Scott Lang, after getting out of a five-year hiatus in the Quantum Realm. Emerges to a world where Thanos won. The first thing he does is go to see if his daughter was “dusted.” When he finds that she survived, he goes to find her, and when he sees his now grown-up daughter, he bursts with tears and expresses his delighted joy in her, “you’re so big.” Every daughter needs her father to beam with such joy over their growth and maturity.
But it is Tony Stark who demonstrates how precious a gift fatherhood is. When he and Pepper move on after the Snap, get married, have a daughter, it becomes plain that Tony has found a pleasure that all of his playboy days could never satisfy.

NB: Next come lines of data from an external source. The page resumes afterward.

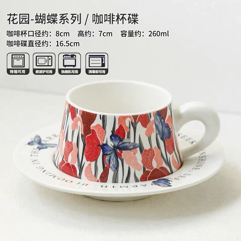 • 아이리스 핑크 나비/커피 컵과 접시-프리 스푼
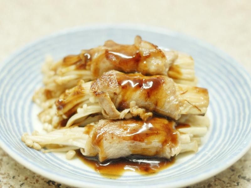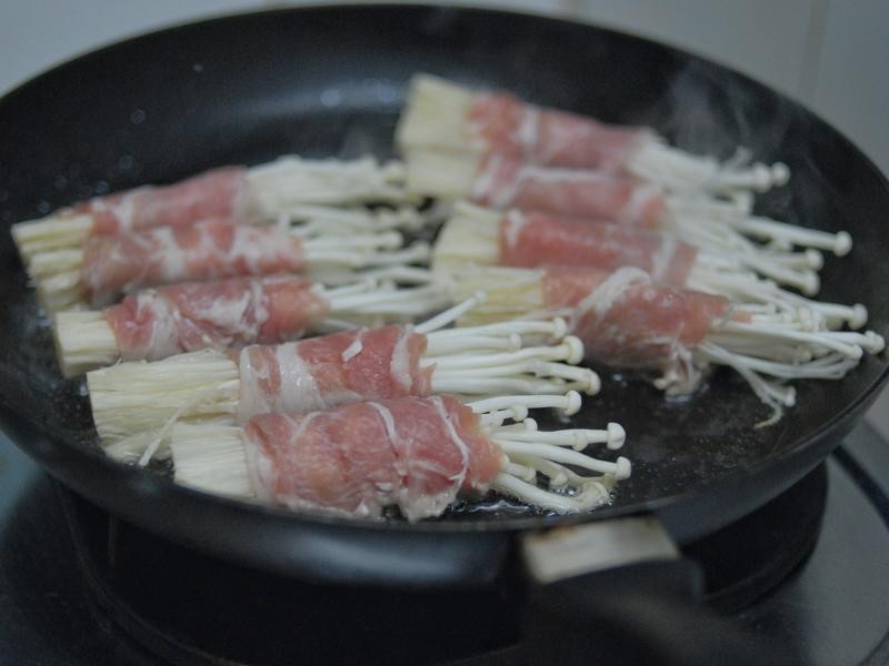 将猪肉片放平,在底部放金针菇,然后慢慢卷起。再用太白粉水封口(1茶匙太白粉 + 1茶匙水拌匀)
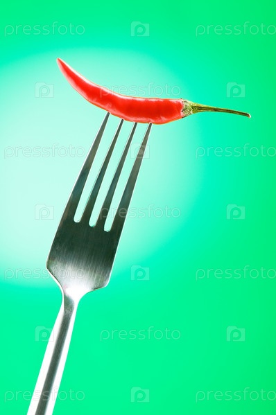 Красный перец, наколотый на вилку
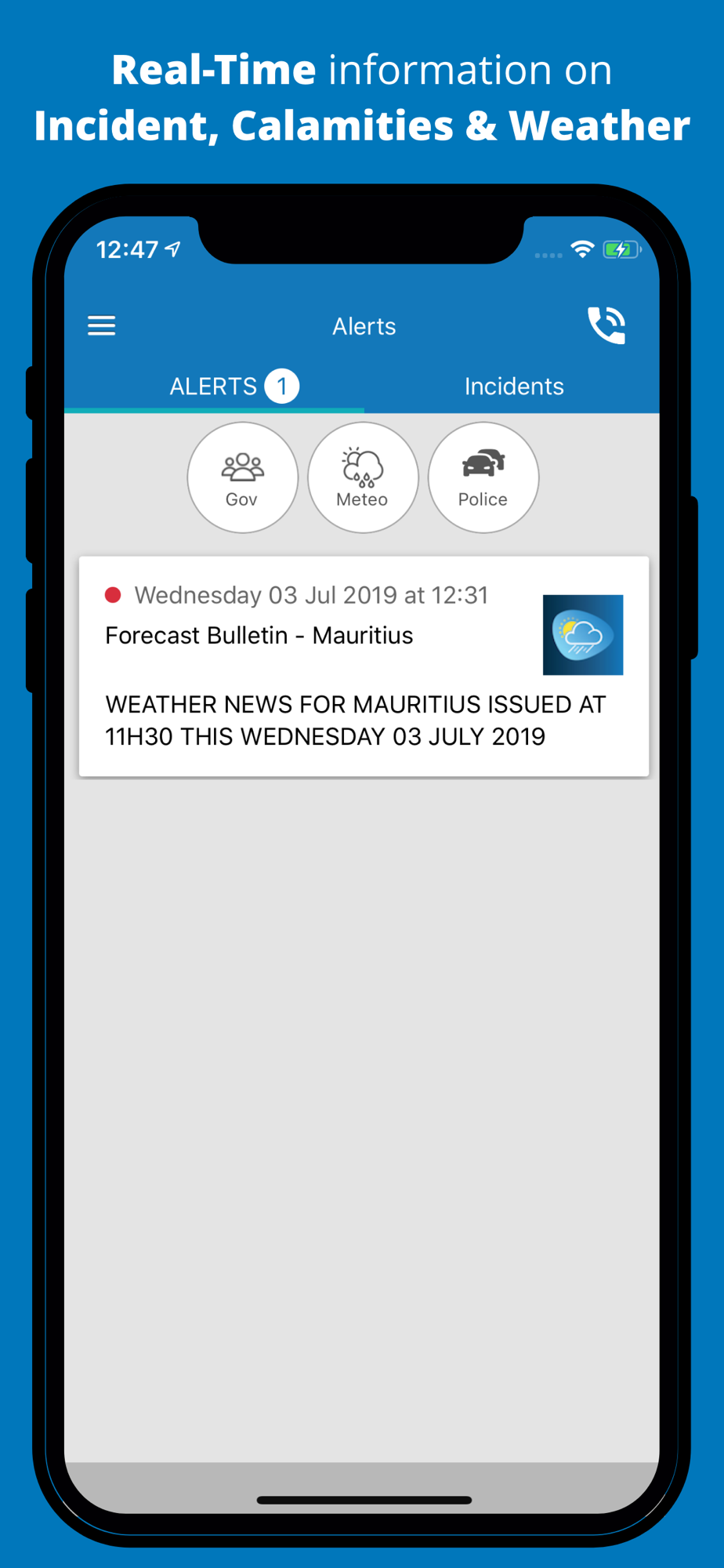 Get updated and real-time information on major incidents, calamities and weather information in Mauritius.

He comes to treasure the life he has found as husband and father. But husbands and fathers are called to lay down their lives to preserve the lives of those they love. It is the true duty of the patriot. A man dies for the woman he loves, sacrificing all to save her. This, in my view, was marvelously (pun intended) executed as Tony Stark––known for his ego, selfishness, pride, and fillandering––turns from all those vices and does the right thing. He lays down his life. He dies so others may live.
And finally, what even postmodernist story-tellers couldn’t escape, the story ends with a wedding. We see Captain America reunited with his lost love, Peggy Carter. A caveat here, Cap’s denouement suffers from the irresistible questions which arise when time-travel is involved.
In short, the ending tells us to settle down and get married, have kids, do your job. There is heroism in such seemingly mundaneness. Where postmodernism wants human identity to be infinitely malleable, God’s world is full of characters that are made in His image. They are male and female. They are kings and queens. Their identity is not theirs to decide, they are called to find their name in the Fatherhood of God.
Rebellion against the Story-teller is the path to villainy. It is a descent into namelessness. The endgame of postmodernism is a pile of dust that thinks it can reinvent itself, subvert truth, goodness, and beauty, and be something glorious on its own, “Thank you very much.” But dust without the breath of God is just dust. When God breathes on the dust, it becomes a man. The Story-teller makes the man a king, and then gives him a mission: protect the girl. That story is one where truth matters, and is the only story with a happy ending.